Начало банкета задерживалось уже не на один час по какой-то необъявленной, а оттого и всё более и более интригующей причине. Почётные места за тем же самым большущим заседательским редакционным столом пустовали в нетерпеливом ожидании главных персон мероприятия – Андрея Петровича Артамонова и Михаила Михайловича Мормышкина с его бессменной все полгода существования газеты спутницей Дианой (век бы не слыхать коллективу её неудобоваримую в произношении фамилию, надо же – высокопарное на звук Цецебелле-Кляймер при физиономии служанки из дешёвой азиатской гостиницы!) Сидящие за столом изнылись не столько из-за отсутствия начальства, без которого в любом коллективе, честно говоря, дышится легче, сколько, истекая слюной, от необходимости воздержания от очень уж возбуждающей аппетит дорогой выпивки и ещё более дорогих деликатесов под эту выпивку. Ну, сколько же можно ждать?!

Но, начальство начальством, которое хоть и с опозданием, да должно, в конце концов, заявиться, а вот практически-спонсирующий офис продаж в полном составе и под последовательным, целенаправленным руководством Никиты Гапоненко опять, как и в первый раз более трёх месяцев назад, дружно проигнорировал торжественное для коллектива редакции мероприятие. Да на этот раз по другому и быть не могло – противостояние мнений по поводу финансирования дорогостоящей, почти не окупающейся на старте газеты вступило в открытую фазу – война, поначалу скрытая, но чем дальше, тем всё более явная, разгорелась не на шутку, и прекратить её могло только одно из двух взаимоисключающих: либо газета прекращает своё существование как объект спонсорских капиталовложений со стороны возглавляемой Гапоненко структуры, и спонсируется дальше кем угодно другим, да и вообще может закрыться-испариться – большой беды в этом для медийного пространства страны не будет, либо… уходит с арены сам Гапоненко вместе со своим сплочённым отрядом родичей-помощников. Допустить этот второй вариант на месте Никиты и его присных могли бы только полные идиоты…
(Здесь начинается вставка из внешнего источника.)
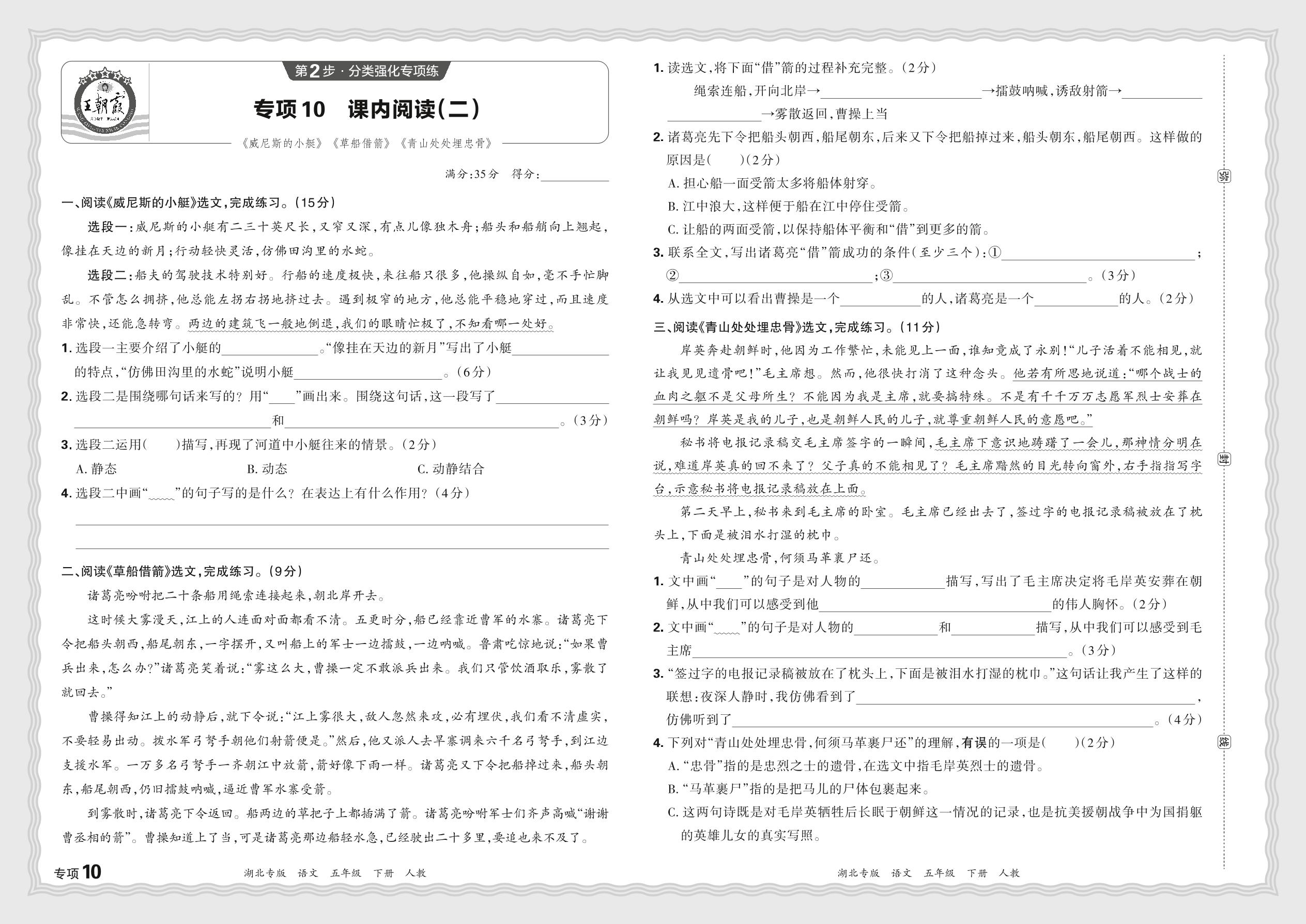 2024春下册五年级语文人教版 期末专项卷湖北版·课内阅读(二)【10】

В чьём-то из сидящих-изнывающих за накрытым столом кармане требовательно затрезвонил, гудок за гудком без перерывов, телефон. Так обычно звонит или высокое начальство, или строгая жена. Похоже, первое – слишком поспешно вскочил с места чуть не руки по швам мгновенно вспотевший как в бане Гнидо:

– Да-да, Гнидо слушает! Есть, начинать торжество без вас… и без… Андрея Петровича! Всё будет в порядке, ручаюсь. Есть, быть на связи с Гапоненко!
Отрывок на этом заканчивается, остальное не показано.